Let $M:=\begin{pmatrix}1 & 2 & 7 & 4 \\ 0 & 3 & -2 & 1 \\ 3 & 0 & 3 & 0 \\ 4 & 1 & 3 & 1 \end{pmatrix}\in M(4\times4,\mathbb{Z}/p\mathbb{Z})$, where $p$ is a prime number.
Assignment: Find the rank and the determinant of $M$.

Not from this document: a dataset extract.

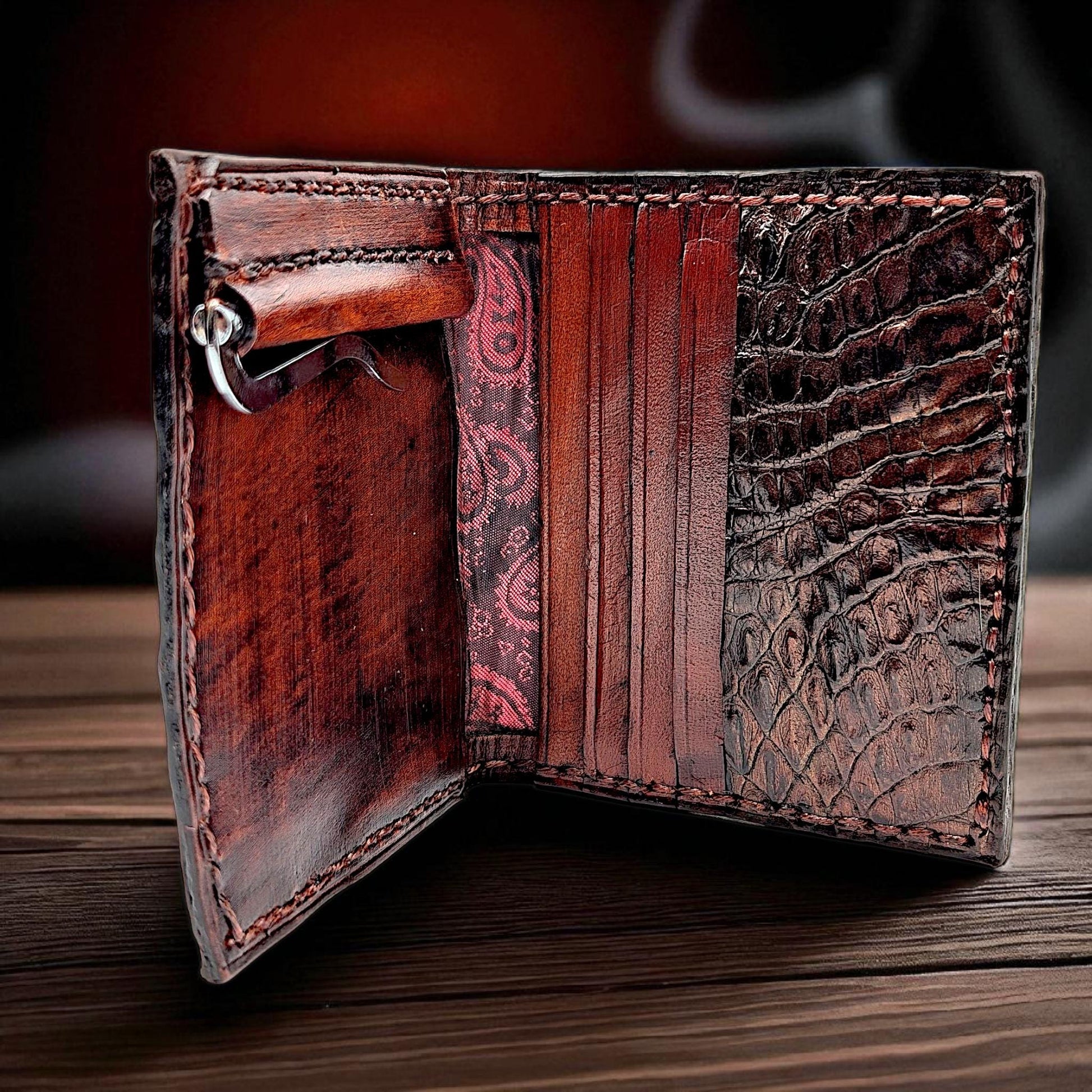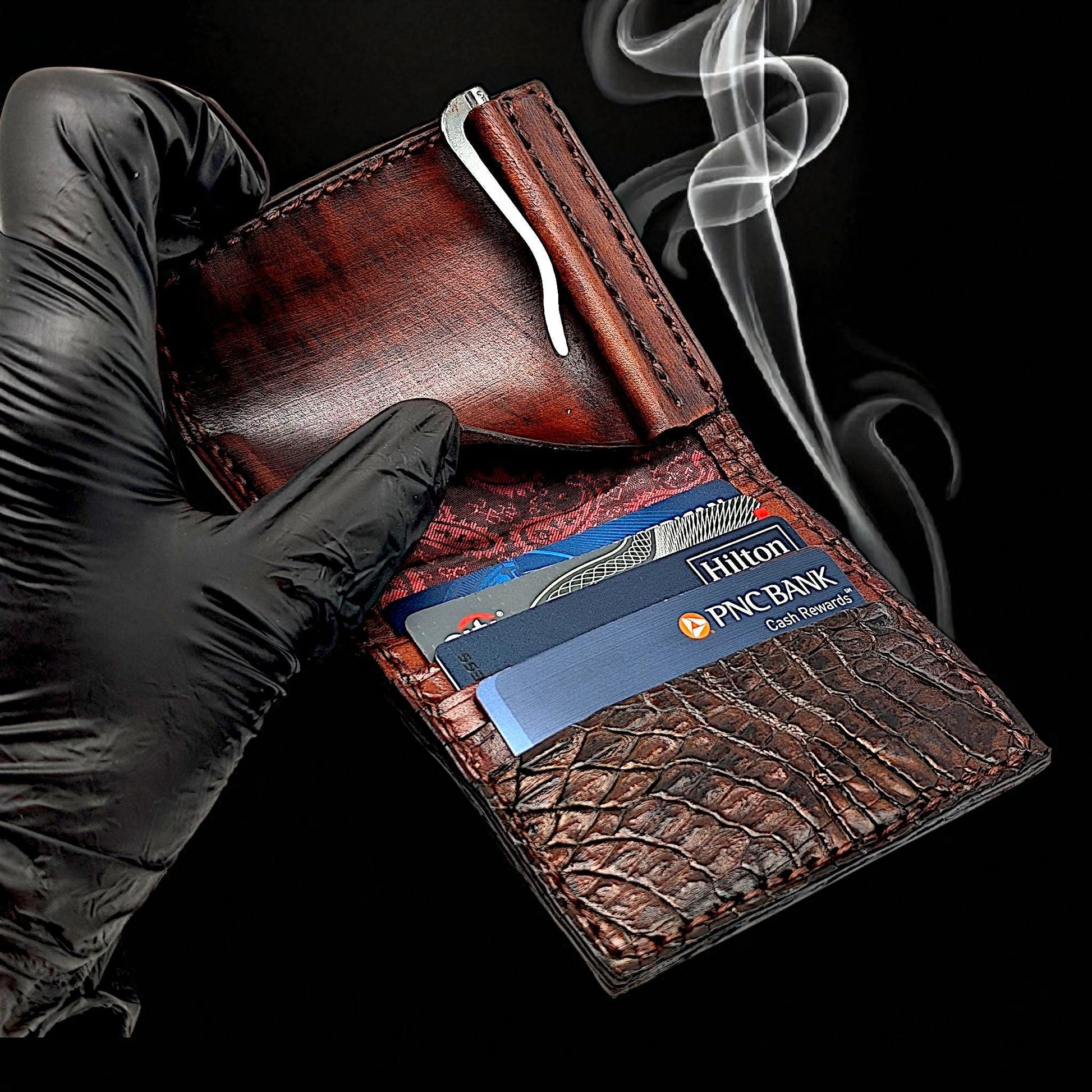 Elevate your everyday carry with this artisan-crafted alligator leather money clip wallet, designed for the modern gentleman who appreciates timeless elegance and functionality.

My problem is that since $p$ is an arbitrary prime number, one has to do the calculation of the rank via row reduction in the following way:$$M=\begin{pmatrix}1\mod p & 2\mod p & 7\mod p & 4\mod p \\ 0 & 3\mod p & p-(2\mod p) & 1\mod p \\ 3\mod p & 0 & 3\mod p & 0 \\ 4\mod p & 1\mod p & 3\mod p & 1\mod p \end{pmatrix}$$
and trying to make $m_{3,1}=0$, in the next step we get
$$\begin{pmatrix}1\mod p & 2\mod p & 7\mod p & 4\mod p \\ 0 & 3\mod p & p-(2\mod p) & 1\mod p \\ 0 & 0+((p-3)\mod p)\cdot 2\mod p)\mod p & ... & ... \\ ... & ... & ... & ... \end{pmatrix}$$ and we can see that as one continues to row reduce the matrix, it continues to become more and more complicated-looking, with similar problems arising in the computation of the determinant.
I suggest you start with the determinant, not the rank. If you calculate the determinant of $M$, using any method of your choice, you'll get that this determinant is $-54$, or rather $$\det M=-54=-2\cdot3^3 \pmod{p}.$$ This shows that $M$ is invertible for any $p\neq2,3$. For these two remaining primes, you can work it out explicitly.